DebruijnExtend is a machine learning algorithm that constructs a probability-based de Bruijn graph using kmers of protein secondary structure fragments associated with a given primary sequence. Once created, edge contraction is used to find paths of highest probability to determine the overall predicted secondary structure.
USING CONDA:
conda env create -f environment.yml
Below are examples of general usage along with building the DB. The most detailed information on usage is featured on the DebruijnExtend Wiki.
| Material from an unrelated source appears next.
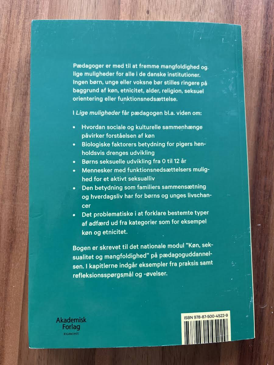 Lige muligheder er en faglig bog, der giver pædagoger indsigt i, hvordan rammer og kulturelle kontekster påvirker arbejdet med mangfoldighed og lige muligheder i institutionerne. Bogen belyser sociale og biologiske faktorers betydning for udviklingen hos både piger og drenge samt børns seksuelle udvikling fra 0 til 12 år. Med konkrete eksempler fra praksis og refleksionsøvelser giver bogen redskaber til at forstå, hvordan forskellige familiemønstre og hverdagslivets struktur former børns og unges livschancer. Den drøfter desuden, hvordan man undgår at vælge simplistic kategoriseringer som køn og etnicitet til at forklare bestemte adfærdsmønstre. Lige muligheder er udarbejdet til det nationale modul "Køn, seksualitet og mangfoldighed" på pædagoguddannelsen og er et værdifuldt redskab i arbejdet med ligestilling og diversitet.

- run the following command to test dependencies (and general usage; kmer size of 4):
python DebruijnExtend.py --input examples/gfp.fasta --hash_table prot_hashtables/prothashtable_4.p --output_file example_out
- To use a custom kmer size (here we use size of 6), run the following:
python3 DebruijnExtend.py --hash_table 6 -i examples/gfp.fasta -o result.ss3
This creates the following hash file: HashtableData/hashtable_k6.pickle
- To run the tool on the custom kmer size, run the following:
python DebruijnExtend.py --input examples/gfp.fasta --hash_table HashtableData/hashtable_k6.pickle --output_file example_out
The input fasta file may be a single protein or a multifasta. The ordering of the output file will have the same format with the predicted 3-state secondary structure appearing below the name of the protein.